Diese Normen sind nach ständiger Rechtsprechung des
Bundesverfassungsgerichts allerdings keine abschließenden Regelungen. Auch wenn
§ 97 Abs. 5 Satz 1 StPO nicht anwendbar ist, weil ein Journalist selbst (Mit-)
Beschuldigter ist, bleibt Art. 5 Abs. 1 Satz 2 GG für die Auslegung und
Anwendung der strafprozessualen Normen über Durchsuchungen und Beschlagnahmen
in Redaktionen oder bei Journalisten von Bedeutung.
Im Jahr 2012 hat der Gesetzgeber geregelt, dass
Beihilfehandlungen zum Geheimnisverrat nach Maßgabe des § 353b Abs. 3a StGB
nicht mehr als rechtswidrig anzusehen sind. Strafbar bleiben demgegenüber die
Anstiftung zum Geheimnisverrat sowie Beihilfehandlungen, die der Vollendung der
Haupttat vorausgehen oder über das Entgegennehmen und Veröffentlichen der
Information hinausgehen. Hierzu soll insbesondere die Zahlung von Honorar für
dienstlich erlangte Informationen zu rechnen sein.
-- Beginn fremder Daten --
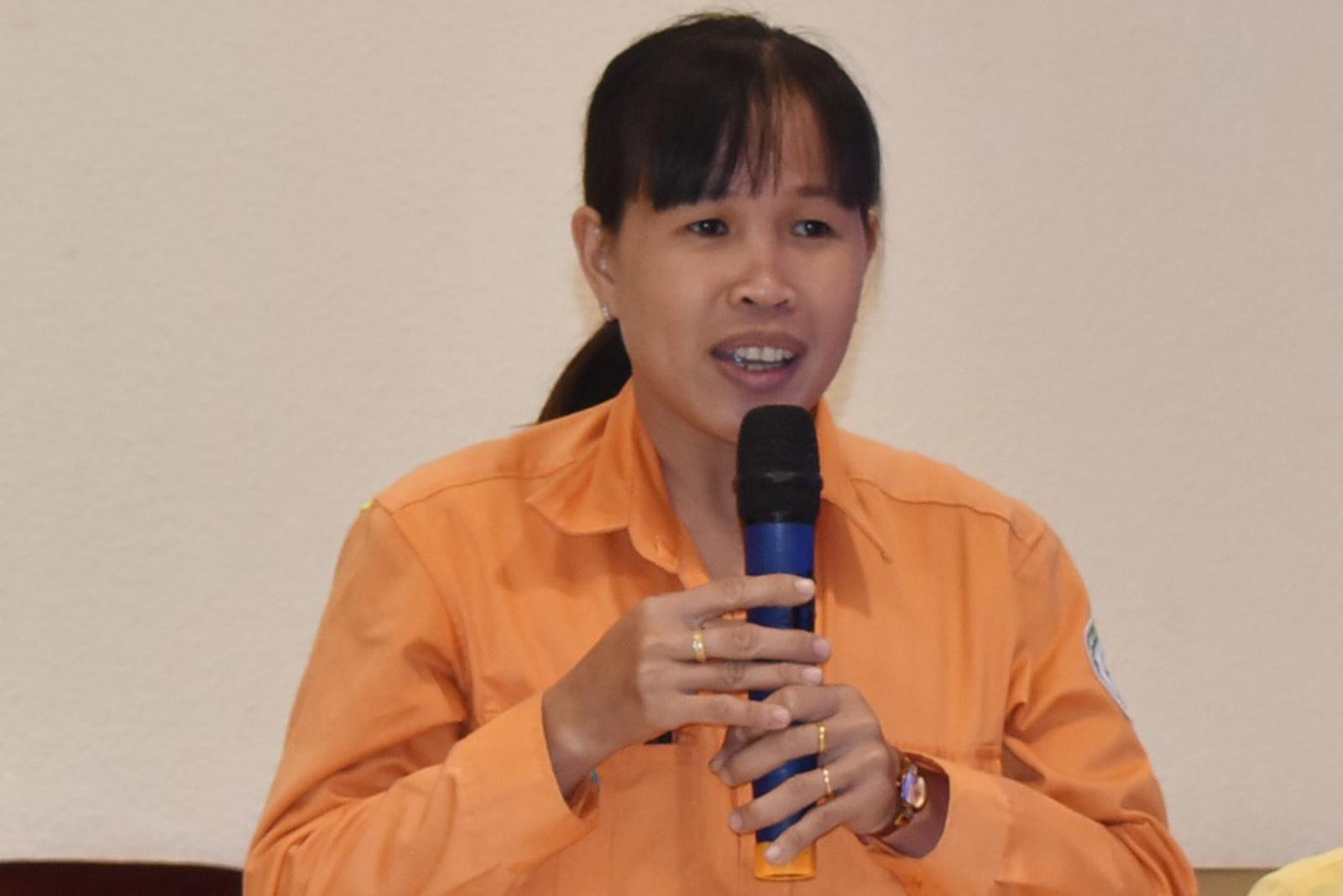 Chị Trần Thị Anh Xuân, công nhân Công ty TNHH MTV Dịch vụ Công ích đô thị quận 1 chia sẻ ý kiến tại hội nghị. (Ảnh: TM)
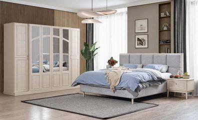 Schlafzimmer Set Bett 2x Nachttische Kleiderschrank Luxus neu 4tlg

Unter Berücksichtigung von
Art. 5 Abs. 1 Satz 2 GG kann dies jedoch dann nicht gelten, wenn die
Durchsuchung und Beschlagnahme nicht auf einen konkreten Verdacht gerade
gegenüber den betroffenen Presseangehörigen gestützt ist, sondern dem
vorrangigen oder ausschließlichen Zweck dient, Verdachtsgründe gegen den
Informanten zu finden. Vielmehr erfordert eine Durchsuchung zureichende
tatsächliche Anhaltspunkte für eine Straftat, die den Beschlagnahmeschutz des §
97 Abs. 5 Satz 1 StPO entfallen lässt. Ein bloß allgemeiner Verdacht, dass
dienstliche Informationen an die Presse weitergegeben wurden, genügt den
verfassungsrechtlichen Anforderungen nicht.
b) Im vorliegenden Fall ging es den
Strafverfolgungsbehörden, wie auch in dem angefochtenen landgerichtlichen
Beschluss deutlich wird, zumindest vorwiegend um die Ermittlung belastender
Tatsachen gegen einen Informanten aus Polizeikreisen. Diesem sollen Geldbeträge
für Informationen zu bevorstehenden Ermittlungsmaßnahmen gezahlt worden sein.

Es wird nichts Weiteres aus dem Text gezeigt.